Chinese dollar store MINISO filing for bankruptcy in Canada: report

Dec 18 2018, 5:13 am

UPDATE: Miniso Canada claims to have reached a preliminary deal with its parent company to continue operating its Canadian stores.

Just over a year after initially entering the Canadian market, the parent company for Miniso Canada is allegedly filing for bankruptcy.

According to a report by Retail Insider, the Chinese parent company is claiming that the Canadian division has been fraudulent in its business dealings by transferring and hiding assets.

The report also states that the company is claiming debts owed in excess of $20 million.

It has allegedly retained a law firm to proceed with filing for bankruptcy, which will begin next month.

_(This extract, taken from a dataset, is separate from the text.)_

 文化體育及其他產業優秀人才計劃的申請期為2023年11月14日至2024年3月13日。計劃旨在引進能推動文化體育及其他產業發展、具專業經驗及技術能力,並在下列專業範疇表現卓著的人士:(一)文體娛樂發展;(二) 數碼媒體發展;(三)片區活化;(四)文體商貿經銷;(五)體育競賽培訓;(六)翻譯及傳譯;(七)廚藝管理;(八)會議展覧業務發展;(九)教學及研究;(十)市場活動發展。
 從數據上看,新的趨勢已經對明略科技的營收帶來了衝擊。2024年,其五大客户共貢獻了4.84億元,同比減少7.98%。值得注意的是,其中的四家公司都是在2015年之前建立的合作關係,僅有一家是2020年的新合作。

Retail Insider says that sources are claiming that Miniso’s Canadian division has a pattern of “unethical behaviour.” Also, other sources have speculated that the company is pulling out due to the recent arrest of the daughter of the founder of Chinese tech giant Huawei.

“With a goal of opening 6,000 stores globally by 2020, MINISO’s rapid-fire growth has averaged at 80 to 100 store openings per month,” states the company’s website.

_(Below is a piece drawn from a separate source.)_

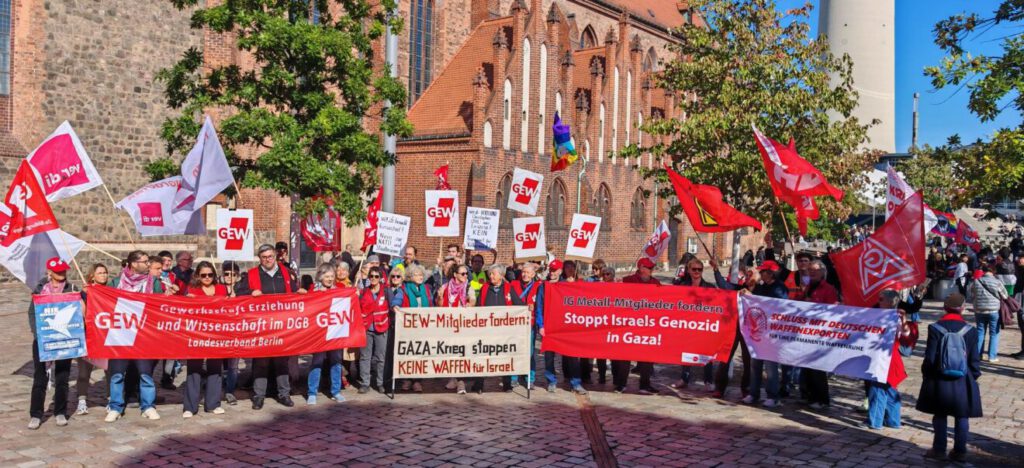 Über 200 Organisationen rufen auf. Die Gewerkschaften dürfen nicht außen stehen. Schaut, wie entschieden die italienischen Gewerkschaften inzwischen handeln. Das Forum gewerkschaftliche Linke Berlin ruft alle Gewerkschafterinnen und Gewerkschafter auf: Nehmt an dieser Demonstration teil. Kommt am Freitag, den 3. Oktober um 12:30 Uhr zum gewerkschaftlichen Block, Treffpunkt: Gegenüber dem August Bebel Platz, Haupteingang der Humbold – Universität:

As of Monday, MINISO Canada’s website still states that it “will open between 30 and 50 stores in Canada throughout 2017/2018 with a focus on Vancouver, Toronto and Montreal, and the potential to operate as many as 500 Canadian stores in the coming years.”

With both Chinese and Japanese co-founders, the company is known for selling Japanese-designed household and consumer goods, such as cosmetics, stationery, toys, and kitchenware.

The company opened its first Canadian location in Vancouver last year.